I am not sure if there is problem since now i have got PR and should need to wait for his outcome or apply new application under Relatives permit on the basis of my PR status.

Please guide or help me.

Appreciate ..

Sirat


----------



## Bwixie (Mar 11, 2014)

sirat said:


> Hi legalMan/All:-
> 
> Need guidance.
> 
> ...


Hi Sirat

I'm not sure what other answer you are looking for because I was in the same situation and responded to your earlier questions. You need to wait for the outcome of your son's visa and then apply for PR for him once you get that.
Should his visitor visa near its expiration before his PR is out then you apply for a change of status to relative visa. I hope that clears things up for you.
You've only waited 2 months, far from panic period


----------



## LegalMan (Dec 26, 2012)

Bwixie said:


> Hi Sirat
> 
> I'm not sure what other answer you are looking for because I was in the same situation and responded to your earlier questions.

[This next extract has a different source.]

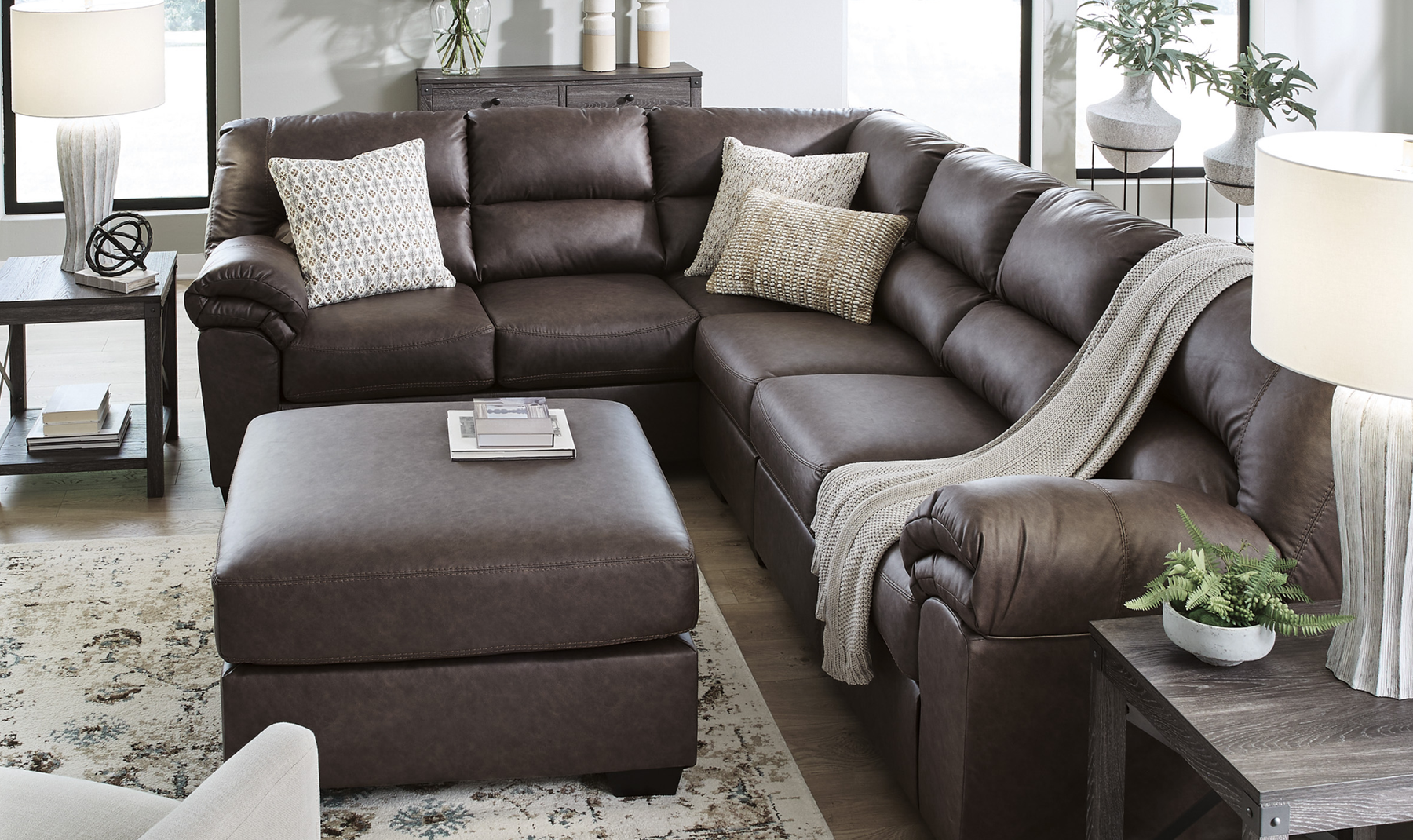 The Modern Heritage WillowBend 3-Piece Sectional Sofa brings together contemporary design and everyday comfort in a layout that works well for both relaxing and entertaining. Upholstered in a rich caramel-toned faux leather, it offers the look of genuine leather with a smooth, easy-care surface. The sectional includes a left-arm facing sofa with corner wedge, an armless chair, and a right-arm facing loveseat, creating a spacious seating arrangement with clean lines and bold jumbo stitching for added visual interest.

You need to wait for the outcome of your son's visa and then apply for PR for him once you get that.
> Should his visitor visa near its expiration before his PR is out then you apply for a change of status to relative visa. I hope that clears things up for you.
> You've only waited 2 months, far from panic period


On the one hand, this is correct, but on the other hand, to speed things up, you could apply for PR now and it will only be looked at much later once the TRP has been issued. That's a trick we use...


----------



## sirat (May 9, 2013)

LegalMan said:


> On the one hand, this is correct, but on the other hand, to speed things up, you could apply for PR now and it will only be looked at much later once the TRP has been issued. That's a trick we use...


Thanks LegalMan...

Did you meant i could apply one more separate applications at the same time while waiting for the pending Visa...?

Thanks
sirat


----------



## LegalMan (Dec 26, 2012)

sirat said:


> Thanks LegalMan...
> 
> Did you meant i could apply one more separate applications at the same time while waiting for the pending Visa...?
> 
> ...


I mean one separate PR application, which technically is "naughty", but it will only be adjudicated long after the temporary residence visa.


----------



## sirat (May 9, 2013)

LegalMan said:


> I mean one separate PR application, which technically is "naughty", but it will only be adjudicated long after the temporary residence visa.


Thanks LegalMan..Collected the Outcome from VFS to day. Funny thing is that rather than mentioning "To Accompany Parents on Valid Visa", they just mentioned " To Accompany Father on Valid Visa".

Hope its not a problem when my wife travel alone in case.


----------



## Fortune07 (Apr 14, 2016)

sirat said:


> Thanks LegalMan..Collected the Outcome from VFS to day. Funny thing is that rather than mentioning "To Accompany Parents on Valid Visa", they just mentioned " To Accompany Father on Valid Visa".
> 
> Hope its not a problem when my wife travel alone in case.


woooow!! congratulations Sirat!! So glad your son's Visa is out. This gives me hope maybe my Husband's Visa could also come out soon seeing that we have been waiting for 3 months now.


----------



## sirat (May 9, 2013)

Fortune07 said:


> woooow!! congratulations Sirat!! So glad your son's Visa is out. This gives me hope maybe my Husband's Visa could also come out soon seeing that we have been waiting for 3 months now.


Hi Fortune07:-


you can start to email these person on DHA, '[email protected]' and ''[email protected]''. Both of them replied to me.

As soon i got response my application was processed in week.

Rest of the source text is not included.